Start of Material provided
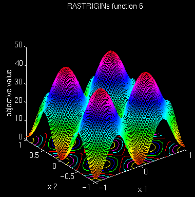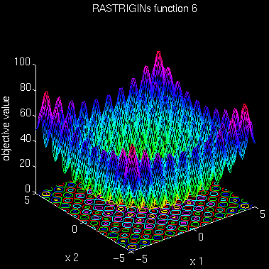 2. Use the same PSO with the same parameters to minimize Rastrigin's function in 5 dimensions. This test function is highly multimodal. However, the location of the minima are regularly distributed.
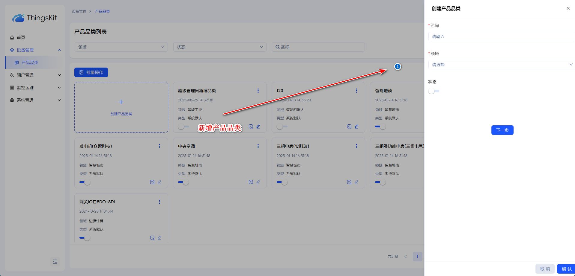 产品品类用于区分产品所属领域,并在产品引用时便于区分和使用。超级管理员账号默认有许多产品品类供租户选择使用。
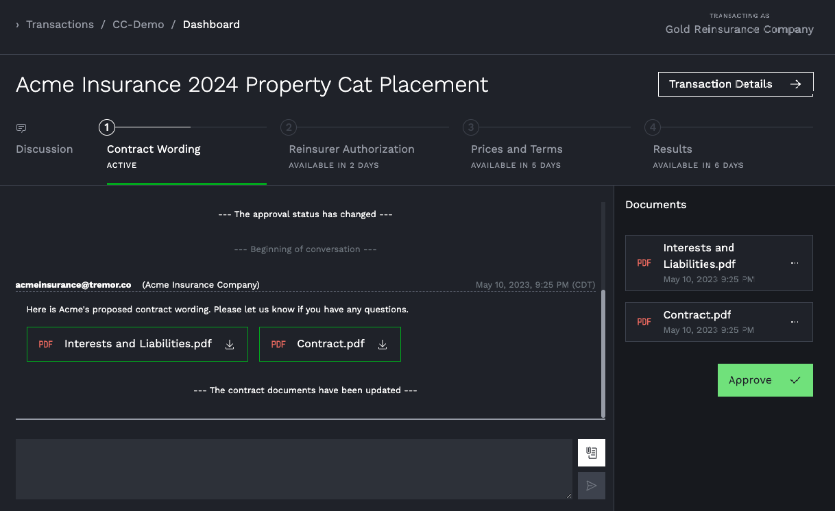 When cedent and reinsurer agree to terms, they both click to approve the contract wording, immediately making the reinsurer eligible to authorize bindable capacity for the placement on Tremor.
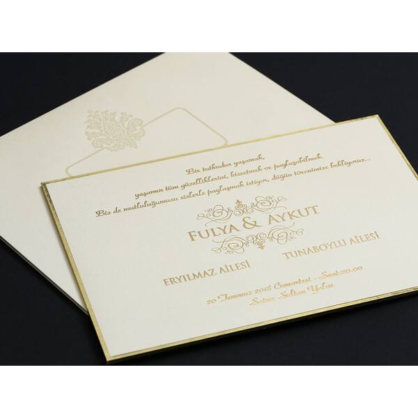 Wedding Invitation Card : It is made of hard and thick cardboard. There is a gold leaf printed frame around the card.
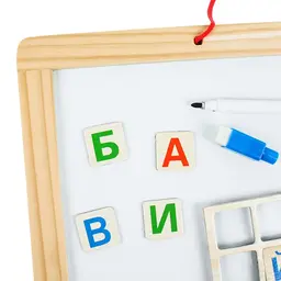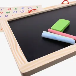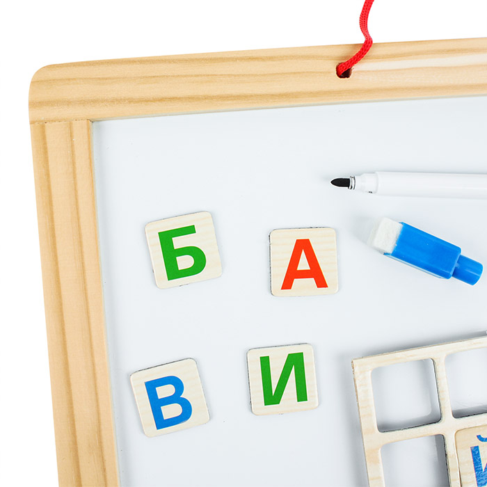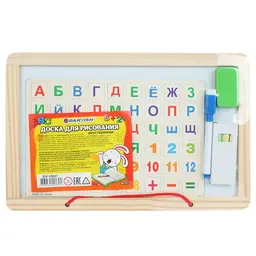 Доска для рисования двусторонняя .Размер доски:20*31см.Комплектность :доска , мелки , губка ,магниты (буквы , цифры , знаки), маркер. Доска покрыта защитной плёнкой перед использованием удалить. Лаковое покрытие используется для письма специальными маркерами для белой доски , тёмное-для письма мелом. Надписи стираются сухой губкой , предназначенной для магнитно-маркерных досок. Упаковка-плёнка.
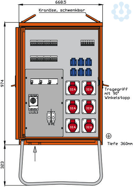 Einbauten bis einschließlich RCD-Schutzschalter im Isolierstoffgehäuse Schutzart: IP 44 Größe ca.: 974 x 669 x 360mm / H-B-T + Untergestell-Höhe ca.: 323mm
End of Material provided
* Your instructions *
Output exactly the lines from the one containing "When cedent and" through the last line of the records above, both included, leaving out any pictures.

* Task response *
 When cedent and reinsurer agree to terms, they both click to approve the contract wording, immediately making the reinsurer eligible to authorize bindable capacity for the placement on Tremor.
 Wedding Invitation Card : It is made of hard and thick cardboard. There is a gold leaf printed frame around the card.
 Доска для рисования двусторонняя .Размер доски:20*31см.Комплектность :доска , мелки , губка ,магниты (буквы , цифры , знаки), маркер. Доска покрыта защитной плёнкой перед использованием удалить. Лаковое покрытие используется для письма специальными маркерами для белой доски , тёмное-для письма мелом. Надписи стираются сухой губкой , предназначенной для магнитно-маркерных досок. Упаковка-плёнка.
 Einbauten bis einschließlich RCD-Schutzschalter im Isolierstoffgehäuse Schutzart: IP 44 Größe ca.: 974 x 669 x 360mm / H-B-T + Untergestell-Höhe ca.: 323mm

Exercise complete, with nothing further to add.